The Six Theses of Barmen: Affirming Christ Against the German Christians

Rev. C•D•F• Warrington, M.Div.
By Rev. C•D•F• Warrington, M.Div.

Ordained Minister, M.Div.

May 23, 2026

3 min read

Oil painting of the six Barmen theses proclaimed against 1930s Germany with light of truth piercing the surrounding darkness

The Theological Declaration of Barmen is built around six theses. Each thesis quotes a biblical text, makes a positive affirmation, and then explicitly rejects a contrary position. The structure mirrors confessional documents from earlier centuries, but its targets are entirely specific to the crisis of 1934. Reading them in order reveals the full theological logic of the Confessing Church's protest.

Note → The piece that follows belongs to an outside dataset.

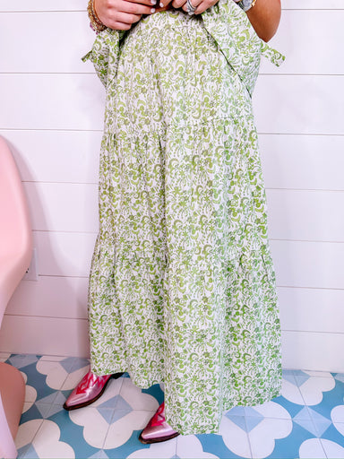 Fresh, flirty, and full of charm, The Charlotte Midi Dress features a playful floral print in green and pink with delicate ruffle trim for a femini...

Thesis One: Christ the One Word of God

The first and most fundamental thesis opens with John 14:6: 'I am the way, the truth, and the life.' It affirms: 'Jesus Christ, as he is attested to us in Holy Scripture, is the one Word of God whom we have to hear, and whom we have to trust and obey in life and in death.' Then the rejection: 'We repudiate the false teaching that the Church can and must recognise as a source of its proclamation, besides and apart from this one Word of God, yet other events, powers, historic figures, and truths as God's revelation.'

This is the anchor of the entire Declaration. If Christ is the one Word of God, then no Fuhrer, no national mythology, no racial ideology can claim to be a second word alongside Him. The German Christians had done exactly this - claiming that God spoke through the German Volk and through Hitler's rise. Barmen says: no other word. Christ alone.

Theses Two and Three: The Church's Freedom

Thesis Two addresses the whole of Christian life: the church's message of forgiveness is not a license for irresponsibility, and Christ's claim extends to every area of human existence. Thesis Three defines the church as 'the congregation of the brethren in which Jesus Christ acts presently as the Lord in Word and Sacrament through the Holy Spirit.' It rejects any fusion of the church with a state ideology or the transformation of the church's order by political purposes.

Theses Four Through Six: Office, State, and the Church's Commission

Thesis Four rejects the idea that the church can give special powers to particular leaders beyond what is given to the whole congregation. Thesis Five distinguishes the church from the state and assigns each its proper sphere - the state bears the sword; the church proclaims the Word. Thesis Six makes the church's mission clear: 'The Church's commission, upon which its freedom is founded, consists in delivering the message of the free grace of God to all people in Christ's stead.'

Taken together, the six theses constitute a comprehensive ecclesiology built on Christology. The church is what it is because of who Christ is. It has a specific commission because of what Christ has done. It resists political idolatry because Christ - not the state - is Lord.

Frequently Asked Questions

What are the Six Theses of the Barmen Declaration?

Each of the six theses pairs a Scripture text with a positive affirmation and a rejection. Together they assert that Jesus Christ is the only Word of God the church must hear and obey, rejecting the German Christians' attempt to supplement Scripture with the ideology of National Socialism.

Who were the 'German Christians' that Barmen opposed?

The German Christians (Deutsche Christen) were a pro-Nazi movement within German Protestantism that sought to align the church with Hitler's ideology — supporting the 'Aryan paragraph' that would have expelled Jewish Christians from ministry and subordinating church governance to the Nazi state.

What does the First Barmen Thesis say?

The First Thesis quotes John 14:6 and proclaims: 'Jesus Christ, as he is attested for us in Holy Scripture, is the one Word of God which we have to hear and which we have to trust and obey in life and in death.' It rejects any other sources of church proclamation alongside this one Word.

Is the Barmen Declaration still relevant today?

Yes — Barmen's insistence that the church's allegiance belongs to Christ alone and not to any state, ideology, or cultural movement remains a live challenge. Its logic is invoked whenever the church faces pressure to baptize a political agenda or surrender its prophetic independence to temporal power.